■ **Task**:
Without the pictures, set down everything in the listing exactly.

■ **Information supplied**:
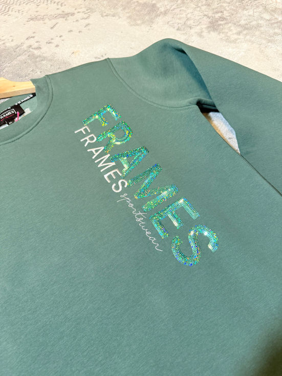 Ein besonderes Highlight ist der glitzernde Pailletten-Schriftzug auf der Vorderseite, kombiniert mit feiner Stickerei. Auf der Rückseite setzt eine dezente „FRAMES“-Paillettenstickerei unter dem Kragen ein elegantes Signature-Detail – feminin, hochwertig und absolut stilvoll.
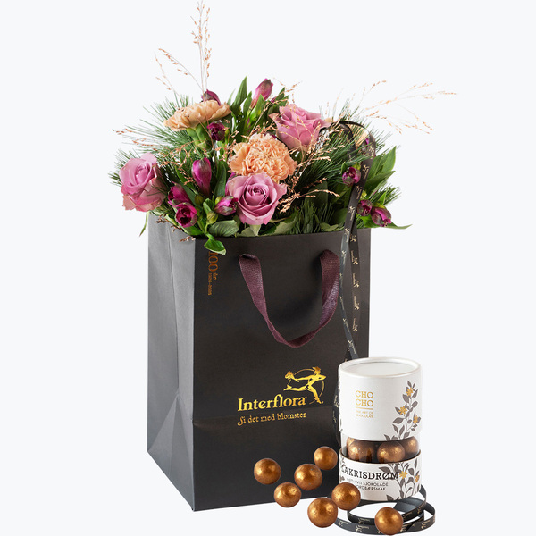 Nydelig frodig bukett med ulike blomster i delikate lilla/fersken nyanser med blant annet roser , alstromeria florlette strå og vakkert grønt. Din blomsterhilsen leveres på døren i vår eksklusive gavepose sammen med deilige lakris kuler med smak av salt lakris og hvit sjokolade. og vil garantert glede den heldige mottakeren.
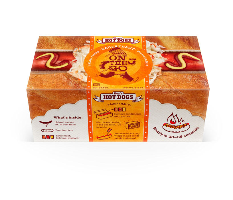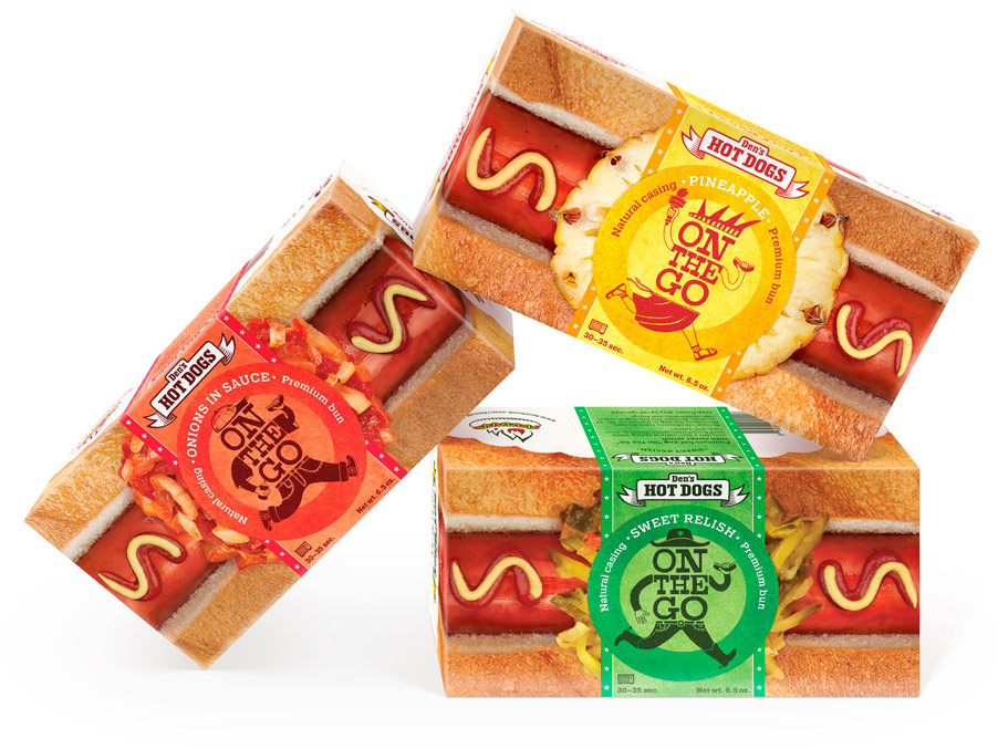 Компания Den's Hot Dogs под маркой On the Go выпускает в США готовые хот-доги, которые перед употреблением достаточно просто разогреть в микроволновке. В Студии было оформлено название компании и упаковка продукции, а также придуманы персонажи, символизирующие марку.

■ **Solution**:
 Ein besonderes Highlight ist der glitzernde Pailletten-Schriftzug auf der Vorderseite, kombiniert mit feiner Stickerei. Auf der Rückseite setzt eine dezente „FRAMES“-Paillettenstickerei unter dem Kragen ein elegantes Signature-Detail – feminin, hochwertig und absolut stilvoll.
 Nydelig frodig bukett med ulike blomster i delikate lilla/fersken nyanser med blant annet roser , alstromeria florlette strå og vakkert grønt. Din blomsterhilsen leveres på døren i vår eksklusive gavepose sammen med deilige lakris kuler med smak av salt lakris og hvit sjokolade. og vil garantert glede den heldige mottakeren.
 Компания Den's Hot Dogs под маркой On the Go выпускает в США готовые хот-доги, которые перед употреблением достаточно просто разогреть в микроволновке. В Студии было оформлено название компании и упаковка продукции, а также придуманы персонажи, символизирующие марку.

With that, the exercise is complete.